We are exploring questions about genetic variation with the human TH gene.

In this section we'll explore the question: Are there any common protein variants in this gene?

We define "common variants" as those that have a minor allele frequency (MAF) of 1% or more in the population.

You can find the common variants for a gene from the NCBI gene record.

From this TH Gene record, go to the Variation section using the table of contents.

This time we'll look at the Variation Viewer. Note here that there are two links: One for GRCh37.p13 and one for GRCh38.

These are two different assemblies. Many researchers and labs continue to use an older genome assembly’s coordinates for a long time after a new genome assembly becomes available.

Follow the link "See Variation Viewer (GRCh38)."

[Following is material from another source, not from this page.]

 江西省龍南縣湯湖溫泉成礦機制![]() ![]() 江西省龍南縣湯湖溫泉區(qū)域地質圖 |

You are now in the Variation Viewer. The Variation Viewer shows you the genomic context of the variations.

We won't be exploring the Variation Viewer in detail right now, but there is a 4-minute tour of the Variation Viewer available, if you would like to learn more.

Scroll down to the "Molecular consequence" filters in the left menu.

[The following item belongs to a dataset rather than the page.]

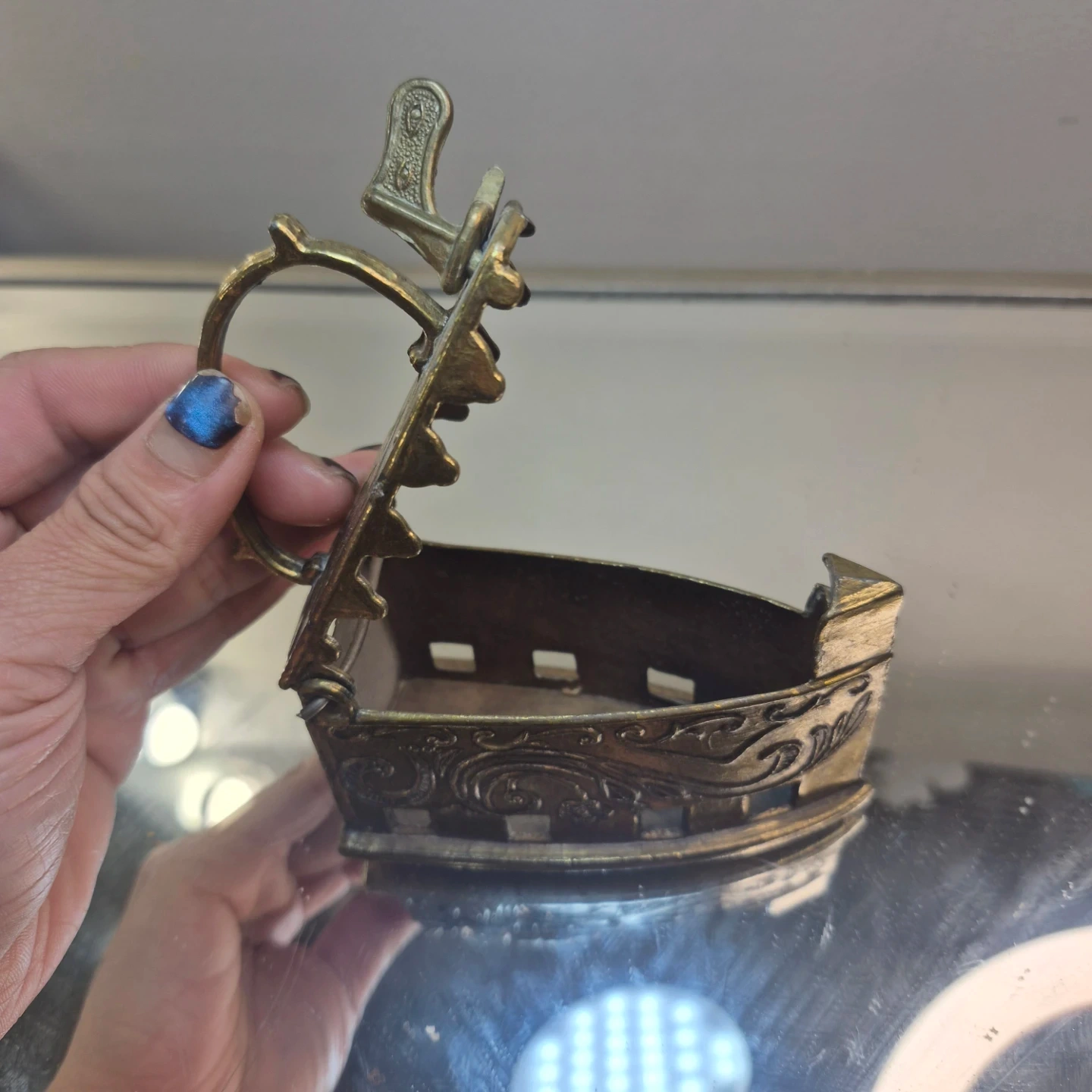 This is a charming miniature brass iron, perfect for display. It's made of metal and features decorative scrollwork. It's a unique decorative item or could be used as a unique holder.

You can filter the table by missense type of "Molecular consequence” to get coding region variants.

Scroll further to the "1000 Genomes MAF” section to filter for only common variants.

What is "1000 Genomes?"

What was MAF, again?

Remember that a "common" variant has a frequency of greater than or equal to 1% in the general population.

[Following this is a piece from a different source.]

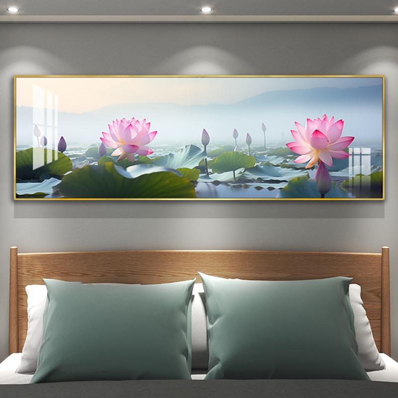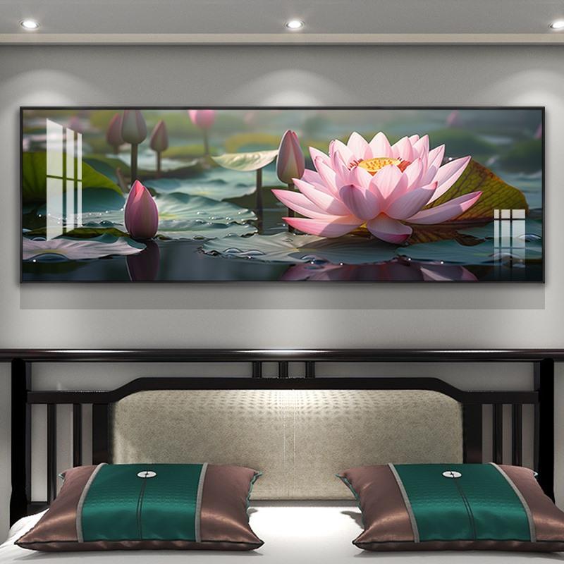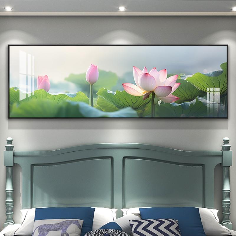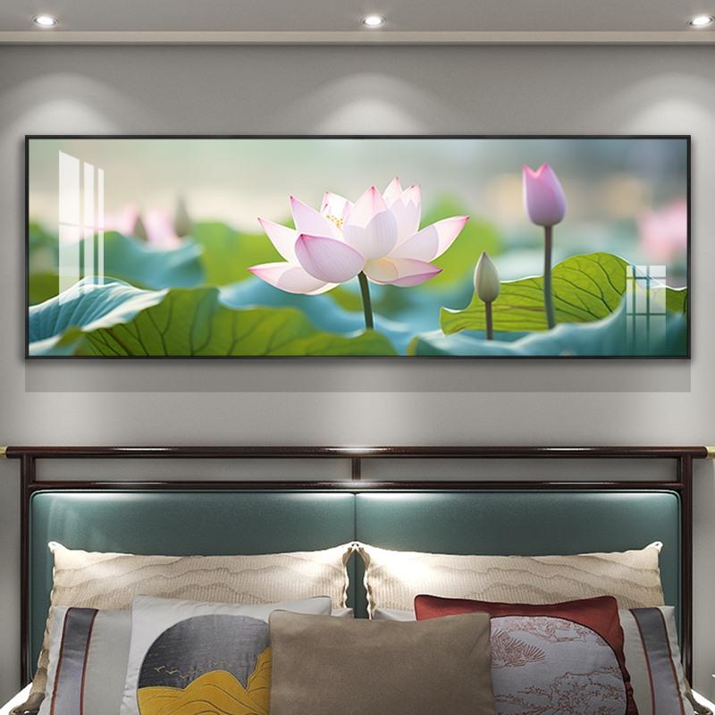现代简约荷花装饰画主卧室床头背景墙挂画轻奢高级感民宿房间壁画

We'll use >=0.05 for this example.

One variant remains, rs6356. You may need to scroll back up the page to view the result.

This Variant ID is an "rs" number or "Reference SNP" from the Single Nucleotide Polymorphism database (dbSNP). Follow the link from rs6356 to go to dbSNP to learn more about this variant. 

You're now in the SNP (single nucleotide polymorphism) database.

What is a single nucleotide polymorphism?

Earlier we used the ClinVar filters to find single nucleotide variants that cause disease. dbSNP contains information about human single nucleotide variations as well as other short genetic variations.

In this class we'll generally be following links from other databases to dbSNP, but keep in mind that you can also search dbSNP directly with an rs number. [HINT: You might be doing this in a future exercise.]

Back to our example, we learn from the dbSNP record for rs6356 that this variation, a change from C to T at this position, results in changing the reference amino acid valine in the protein product to a methionine.

Now let's go back to our example in the Variation Viewer. If you've wandered off, follow this link to get back.

Remember that we got here from the Gene database link from the TH gene record to the Variation Viewer, applying some filters to find missense variations that we've found with >= 0.05 frequency in the 1000 Genomes project.

We could also have found this variant in ClinVar. However, many common variants (especially non-coding ones) are not in ClinVar. You can still find and filter for ClinVar variants in the Variation Viewer. Deselect the earlier missense and MAF >= 0.05 choices to see the number of variants in ClinVar.

You have reached the end of the tutorial for the question:

What variations are present in the gene and are they associated with disease?

Close both windows to end the Guide.